In this case, there was DNA evidence showing that two of the officers had sex with the complainant, video evidence of the woman entering the hotel, and evidence from a toxicologist.

In the end, though, the judge came to a familiar conclusion, one that’s hardly likely to sit comfortably with anyone who has a friend or family member who has gone through the gruelling process of being the complainant in a sexual assault trial.

“Based on the complainant’s evidence, I cannot be sure what happened in that hotel room,” the judge wrote. “It is not safe to convict.”

Even more interesting, though, is something else the judge wrote.

Judge Molloy went on in her verdict to address the way the legal system deals with sexual assault cases, and it’s sobering reading.

“It is sometimes said that the application of these principles is unfair to complainants in sexual assault cases,” Molloy wrote, “that judges are improperly dubious of the testimony of complainants, and that the system is tilted in favour of the accused.”

The problem, though, is that criminal law is intent on guilt or innocence on the part of the accused, and not on the alleged victim.

“The focus of a criminal trial is not the vindication of the complainant,” Molloy wrote. “The focus must always be on whether or not the alleged offence has been proven beyond a reasonable doubt.” The efforts to find that proof, “are necessary protections to avoid wrongful convictions.”

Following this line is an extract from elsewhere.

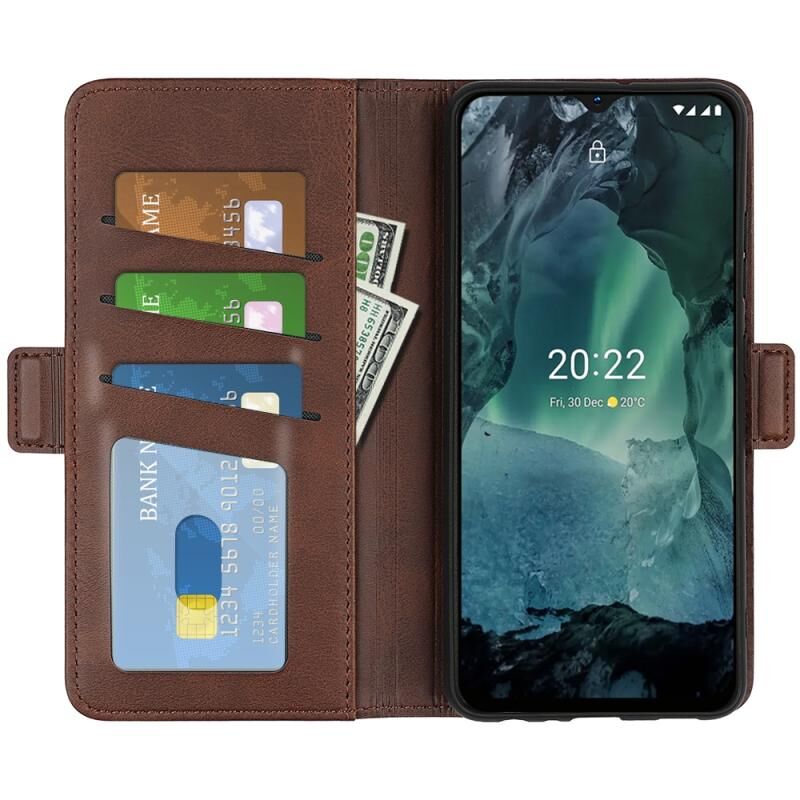 Για Nokia G11/G21 Διπλής όψης μαγνητική πόρπη δερμάτινη θήκη τηλεφώνου (καφέ)

Molloy also took a recent popular approach to sex assault cases head-on: “Although the slogan ‘Believe the victim’ has become popularized of late, it has no place in a criminal trial. To approach a trial with the assumption that the complainant is telling the truth is the equivalent of imposing a presumption of guilt on the person accused of sexual assault and then placing a burden on him to prove his innocence. … That is antithetical to the fundamental principles of justice enshrined in our constitution and the values accompanying our free and democratic society.”

For victims who were assaulted, but whose proof does not go legally far enough, it means re-victimization and the very real personal damage that comes with the justice system essentially saying their assault did not happen.

It’s trite to say that it is the accused who is on trial, not the alleged victim; anyone who comes forward alleging a sexual assault can end up quite clearly being tried in the court of public opinion, even if their identity is protected.

It’s a process that may well increase the number of women who are sexually assaulted but choose not to come forward and press charges.

But how do you address the concern so clearly spelled out by Judge Molloy?

How can the system be improved, without changing the balance and assuming someone is guilty of a crime if they cannot prove their innocence?

If nothing else, it proves that justice and fairness are not the same thing.

Damage is being done.

And that clearly is not justice for all.